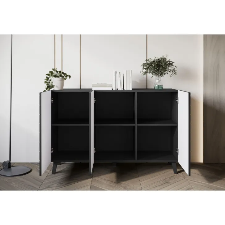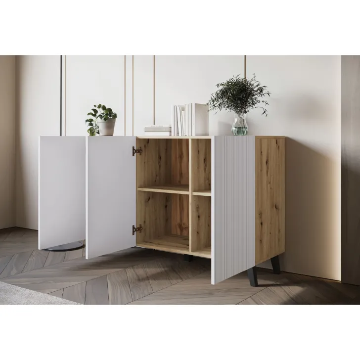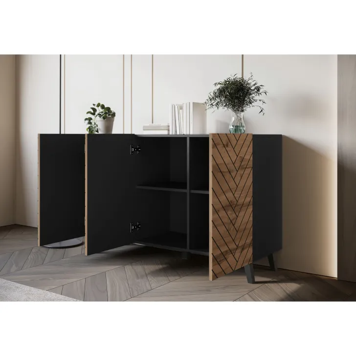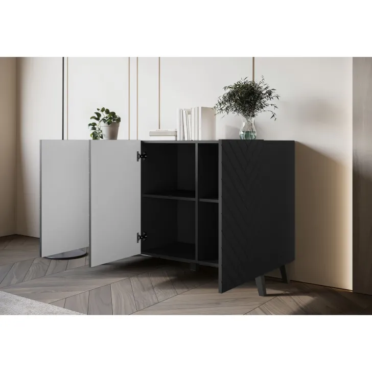 Komody w wybarwieniu : czarny z wzorem jodełka; czarny/dąb wota z wzorem jodełka; biały z wzorem ryflowanie pionowe, proste; dąb artisan/biały  z wzorem ryflowanie pionowe, slim posiadają nóżki w kolorze czarnym, fronty otwierane za pomocą chwytu za krawędź wystającą poza obrys bryły.
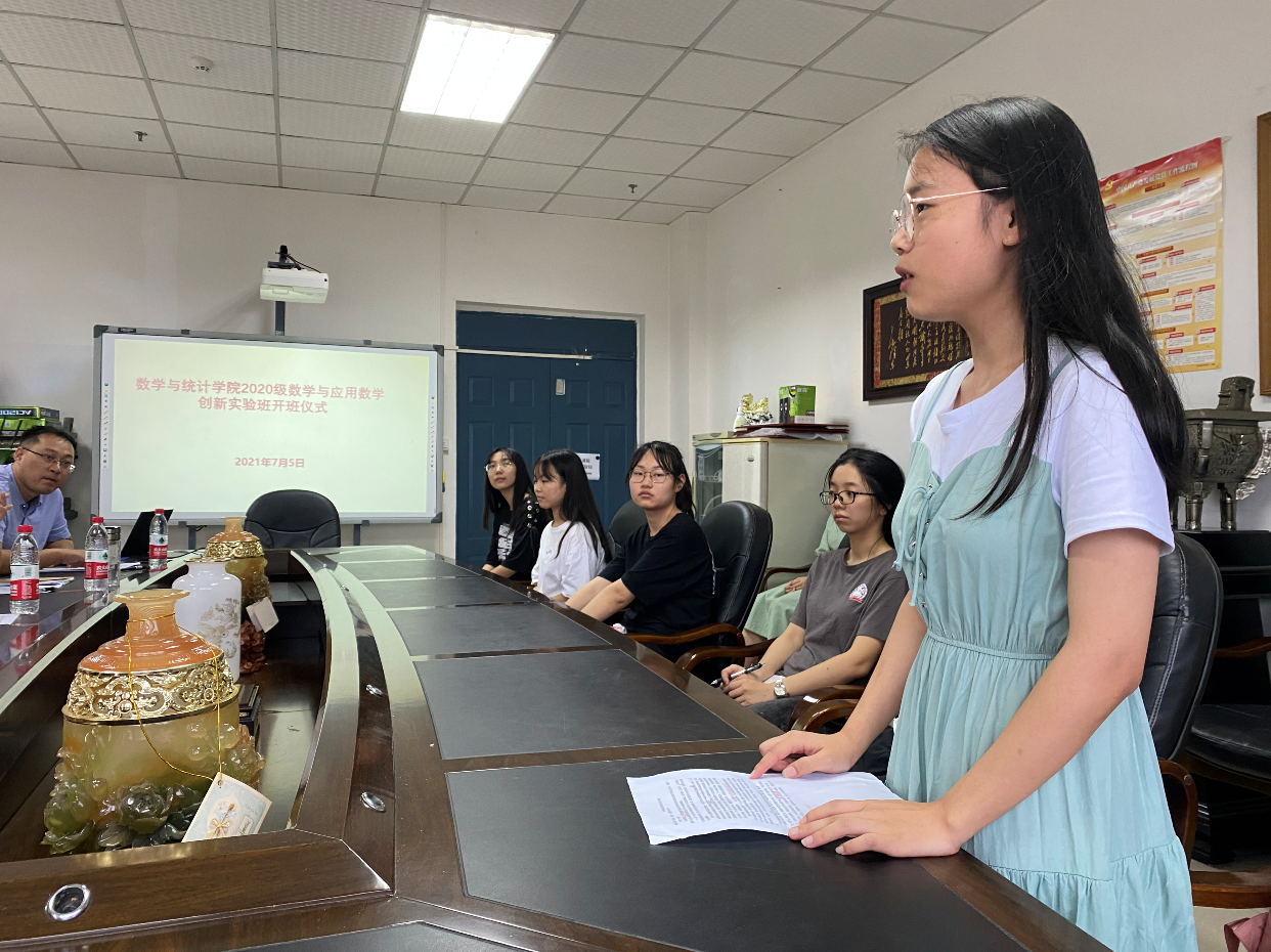 2021年7月5日上午8:00,z6com·尊龙2021年数学与应用数学创新实验班开班仪式在学院1618会议室举行,公司党委书记易遵尧,经理刘贤宁,创新实验班班主任钟新,2020级本科生辅导员张珊以及创新实验班全体在校员工参加,教学副经理邓圣兵主持此次开班仪式。
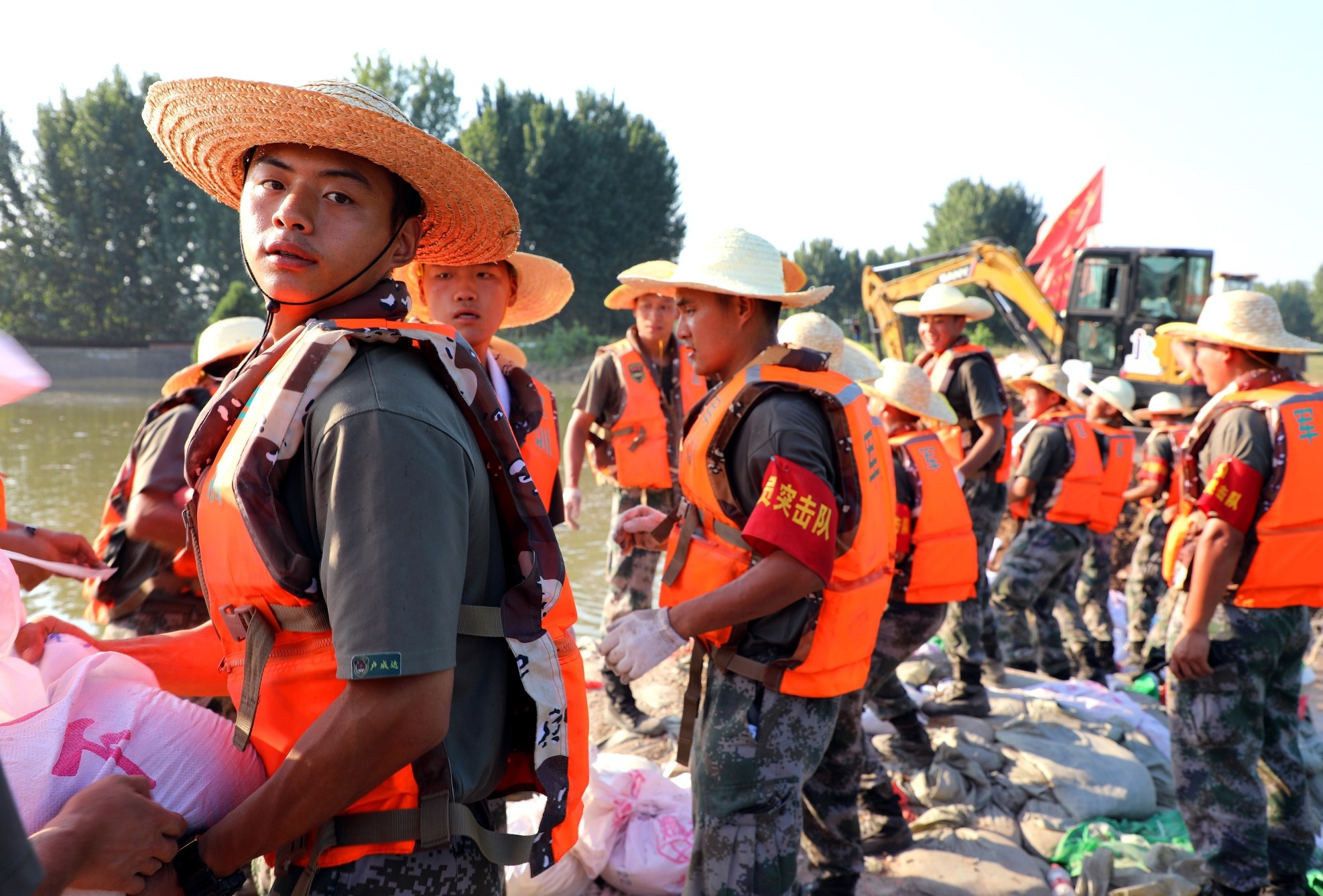7月25日,楊根思部隊官兵在長葛市雙洎河徐王趙村段決堤口進(jìn)行填堵。經(jīng)過奮戰(zhàn),雙洎河徐王趙村段決口處于7月25日17時30分成功合龍。 記者 譚宜姝 攝

________

Could the listing above be printed again in full, with every picture omitted?

 Komody w wybarwieniu : czarny z wzorem jodełka; czarny/dąb wota z wzorem jodełka; biały z wzorem ryflowanie pionowe, proste; dąb artisan/biały  z wzorem ryflowanie pionowe, slim posiadają nóżki w kolorze czarnym, fronty otwierane za pomocą chwytu za krawędź wystającą poza obrys bryły.
 2021年7月5日上午8:00,z6com·尊龙2021年数学与应用数学创新实验班开班仪式在学院1618会议室举行,公司党委书记易遵尧,经理刘贤宁,创新实验班班主任钟新,2020级本科生辅导员张珊以及创新实验班全体在校员工参加,教学副经理邓圣兵主持此次开班仪式。
7月25日,楊根思部隊官兵在長葛市雙洎河徐王趙村段決堤口進(jìn)行填堵。經(jīng)過奮戰(zhàn),雙洎河徐王趙村段決口處于7月25日17時30分成功合龍。 記者 譚宜姝 攝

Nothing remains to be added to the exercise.